Let $$(M,d)$$ be a metric space for which every probability measure on $$M$$ is a Radon measure. For $$p\ge 1$$, let $$\mathcal{P}_p(M)$$ denote the collection of all probability measures $$P$$ on $$M$$ with finite $$p^{\text{th}}$$ moment for some $$x_0$$ in $$M$$, $\int_{M} d(x, x_{0})^{p} \, \mathrm{d} P (x) < +\infty.$

Then the $$p^{\text{th}}$$ Wasserstein distance between two probability measures $$P$$ and $$Q$$ in $$\mathcal{P}_p(M)$$ is defined as $W_{p} ( P , Q ):= \left( \inf_{\gamma \in \Pi ( P , Q )} \int_{M \times M} d(x, y)^{p} \, \mathrm{d} \gamma (x, y) \right)^{1/p},$

where $$\Pi( P , Q )$$ denotes the collection of all measures on $$M \times M$$ with marginal distributions $$P$$ and $$Q$$ respectively.

Practically, one usually sees $$p\in\{1,2\}$$. For $$p=1$$ one uses $W_1(P,Q)=\inf_{\gamma \in \Pi( P , Q )}\mathbb{E}_{(x,y)\sim \gamma}\left[d(x,y)\right]$

This is frequently intractable, or at least has no closed form, but you can find it for some useful special cases, or bound/approximate it in others.

TODO: discuss favourable properties of this metric (triangle inequality, bounds on moments etc).

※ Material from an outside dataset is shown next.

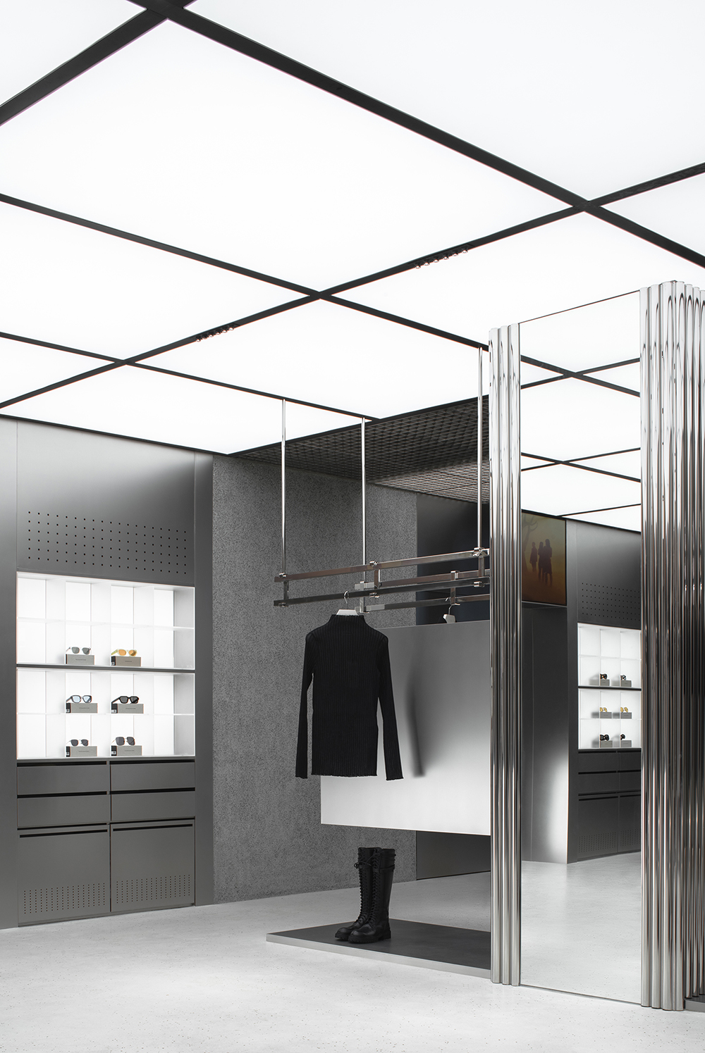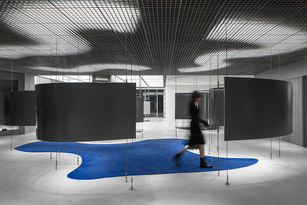 시간과 공간의 개념은 이곳에서 감각의 충돌과 교차에 다차원적 표현이 더해져 독특한 언어 체계를 부여한다. 특히 원형 및 선형 스테인리스 레일 전시 프레임이 전체 공간을 질서정연하게 연결하는 시각적 선으로 작용한다. 이에 더해 일부에 적용된 곡면 요소가 스테인리스의 은색으로 인해 풍기는 냉기를 어느 정도 중화시키고, 브랜드의 블루컬러와 맞물려 미래적인 모습과 개척 의지를 보여준다.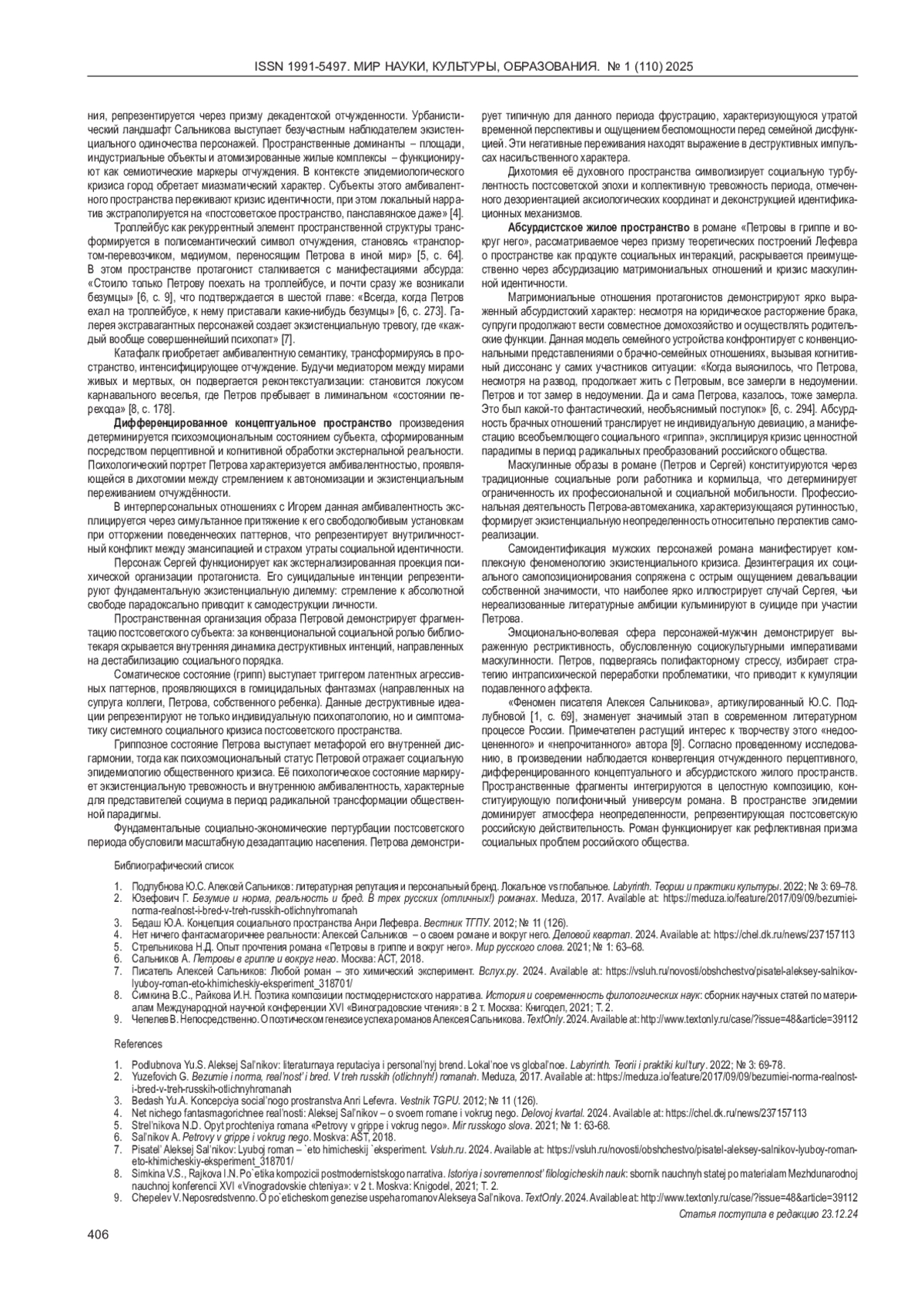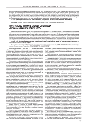 ЛЮЙ Т. ПРОСТРАНСТВО В РОМАНЕ АЛЕКСЕЯ САЛЬНИКОВА «ПЕТРОВЫ В ГРИППЕ И ВОКРУГ НЕГО» // МИР НАУКИ, КУЛЬТУРЫ, ОБРАЗОВАНИЯ. 2025. № 1 (110)

Useful: Two Gaussians may be related thusly for a Wasserstein-2 $$W_2(\mu;\nu):=\inf\mathbb{E}(\Vert X-Y\Vert_2^2)^{1/2}$$ for $$X\sim\nu$$, $$Y\sim\mu$$.

\begin{aligned} d&:= W_2(\mathcal{N}(m_1,\Sigma_1);\mathcal{N}(m_2,\Sigma_2))\\ \Rightarrow d^2&= \Vert m_1-m_2\Vert_2^2 + \mathrm{Tr}(\Sigma_1+\Sigma_2-2(\Sigma_1^{1/2}\Sigma_2\Sigma_1^{1/2})^{1/2}). \end{aligned} (ref)

But why do you are about such an intractable distance? Because it bounds the errors from approximate distributions.

We know that if $$W_p(\nu\hat{nu}) \leq \epsilon$$, then for any L-Lipschitz function $$\phi$$, $$|\nu(\phi) - \hat{\nu}(\phi)| \leq L\epsilon.$$ See [@HugginsPractical2018] for some specifics.

## Kontorovich-Rubinstein duality

Vincent Hermann gives an excellent practical introduction.

## “Neural Net distance”

Wasserstein distance with a baked in notion of the capacity of the function class which approximate the true Wasserstein. (Arjovsky et al) Is this actually used?

## Fisher distance

Specifically $$(p,\nu)$$-Fisher distances, in the terminology of [@HugginsPractical2018]. They use these distances as a computationally tractable proxy for Wasserstein distances. See Fisher distances.